What is the best way to solve this equation? We have two fractions with different denominators, both with the variable x. The solution is to multiply the equation by both denominators. We can do this either sequentially or simultaneously. If we do it sequentially, the calculation will go like this. We start by multiplying (x + 2).

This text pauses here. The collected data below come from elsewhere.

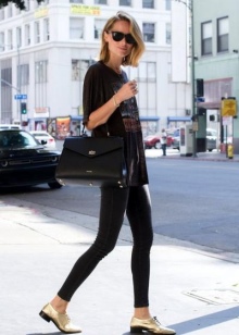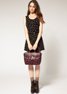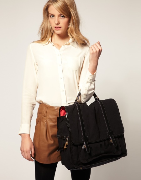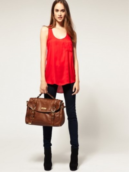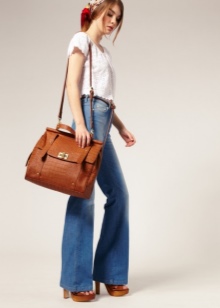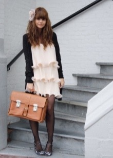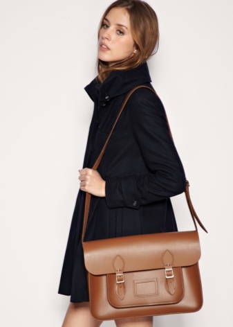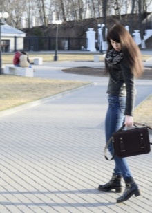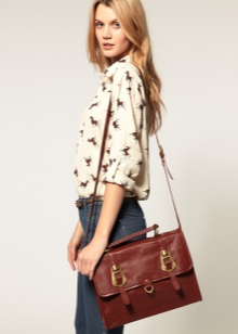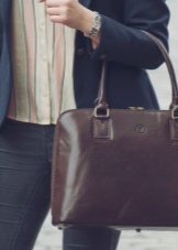 - A puffy briefcase with a short handle will look harmoniously in casual ensembles. Put on tight blue jeans or black leggings and complement them with a light contrasting shirt. Shoes should be selected in accordance with the season. A brown leather bag will complement this look.
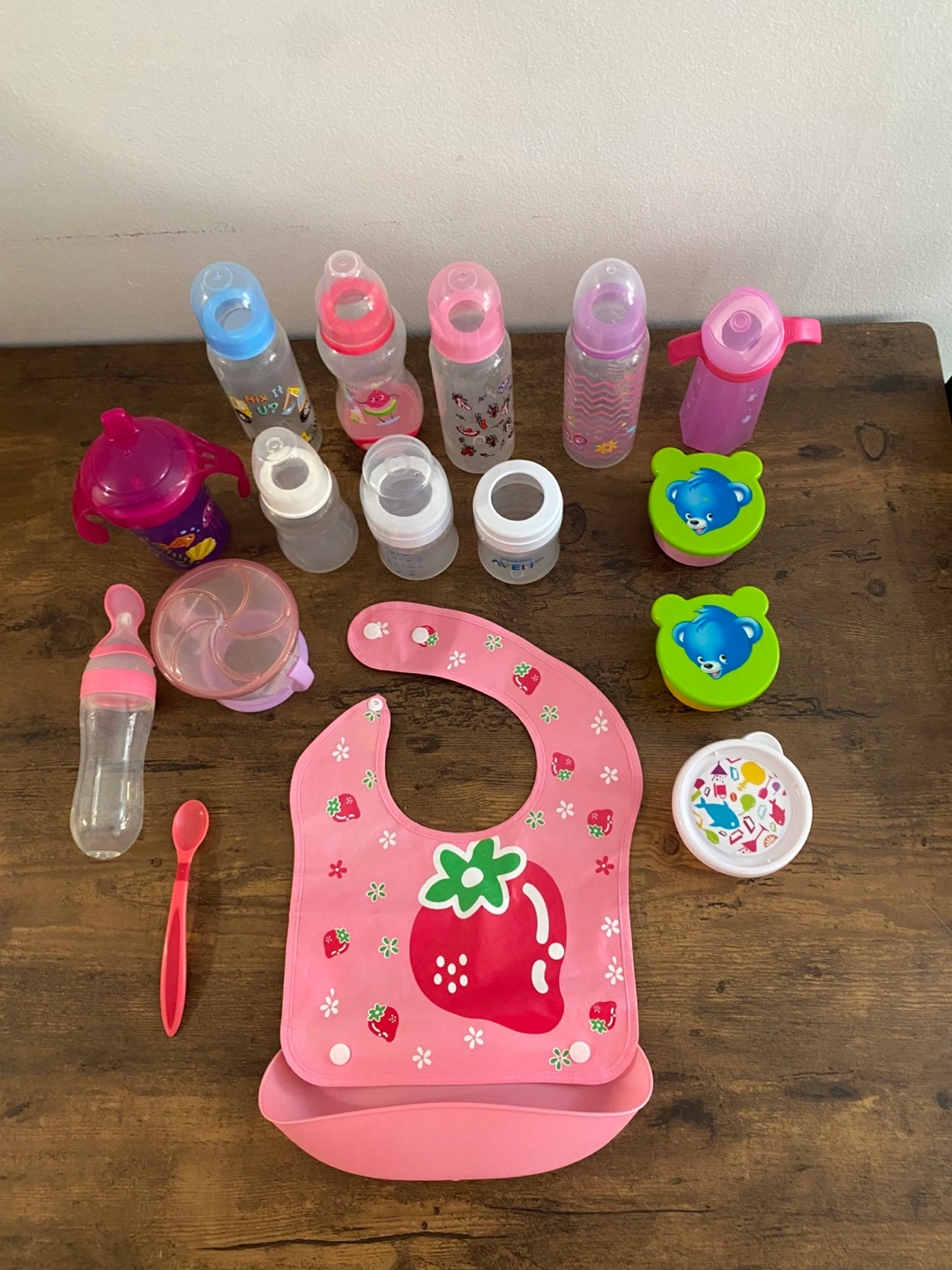 221Baby feeding set. Includes several bottles, sippy cups, bowls, spoons, and a bib. Great for babies and toddlers. Need to purchase nipples.
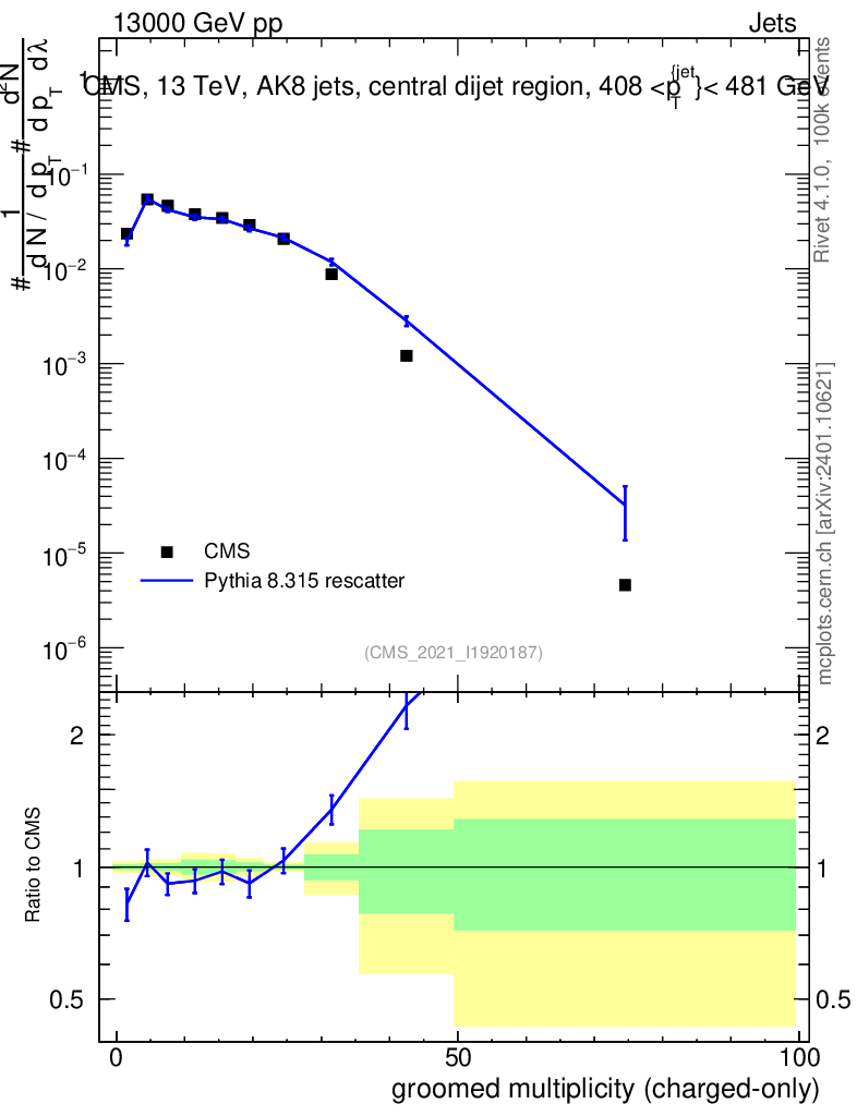 Lines: data, pythia8 8.315 rescatter |
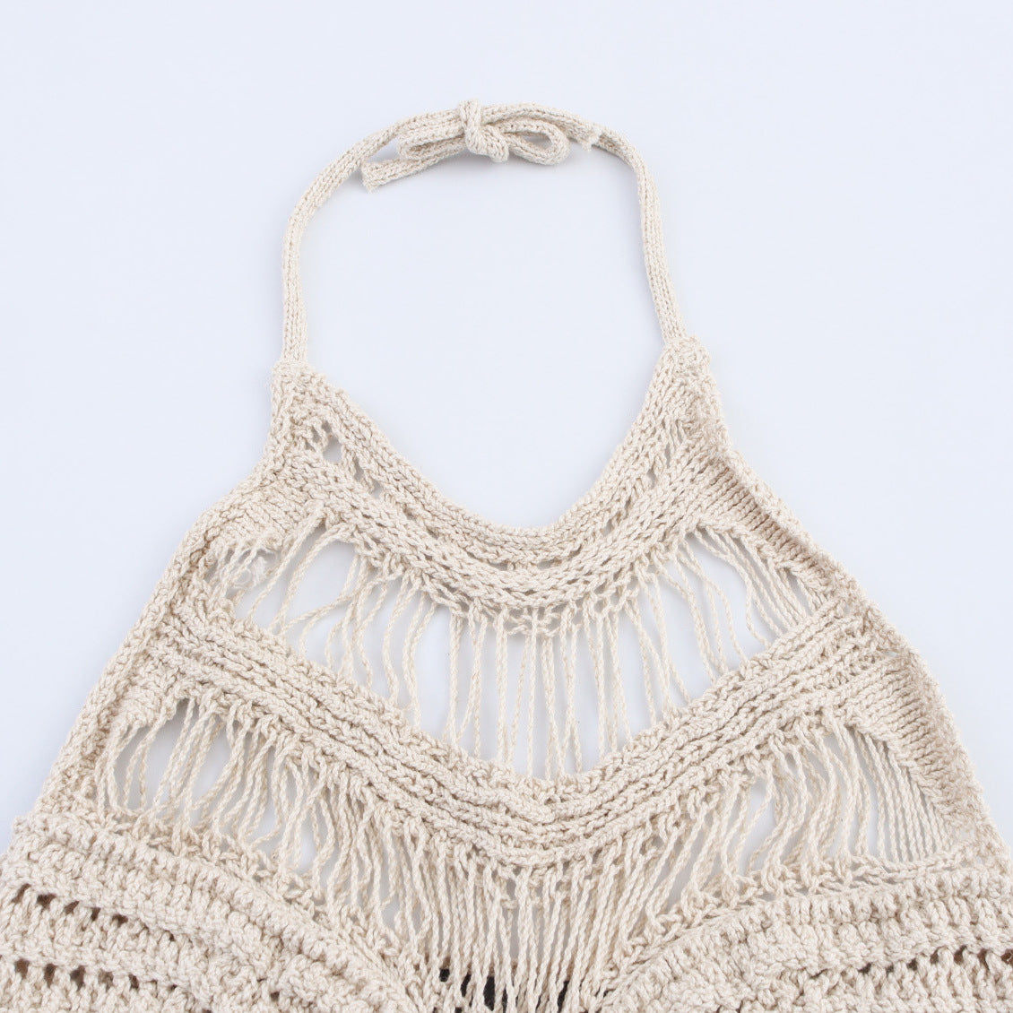 Small-Scale Vintage Hollow Crocheted Shoulder Sling Knitted Shirt Two Sets Of Women's Half-Dress

$$\begin{eqnarray} \frac{5}{x+2}&=&\frac{4}{x+3}\quad/\cdot(x+2)\\ \frac{5(x+2)}{x+2}&=&\frac{4(x+2)}{x+3}\\ 5&=&\frac{4(x+2)}{x+3} \end{eqnarray}$$

And at this point, we'll multiply the equation by the second denominator, (x + 3):

$$\begin{eqnarray} 5&=&\frac{4(x+2)}{x+3}\quad/\cdot(x+3)\\ 5(x+3)&=&\frac{4(x+2)(x+3)}{x+3}\\ 5(x+3)&=&4(x+2) \end{eqnarray}$$

Now we just multiply the parentheses and calculate the result:

$$\begin{eqnarray} 5x+15&=&4x+8\\ x&=&-7 \end{eqnarray}$$

The second procedure is that we multiply the equation by both denominators at the same time. That is, at the beginning we multiply the equation by the expression (x + 2)(x + 3). We get:

$$\begin{eqnarray} \frac{5}{x+2}&=&\frac{4}{x+3}\quad/\cdot(x+2)(x+3)\\ \frac{5(x+2)(x+3)}{x+2}&=&\frac{4(x+2)(x+3)}{x+3}\\ 5(x+3)&=&4(x+2) \end{eqnarray}$$

We can afford to do this because if we multiply the equation by the expression a and then multiply it by the expression b, it is the same as if we multiplied it by the expression a · b.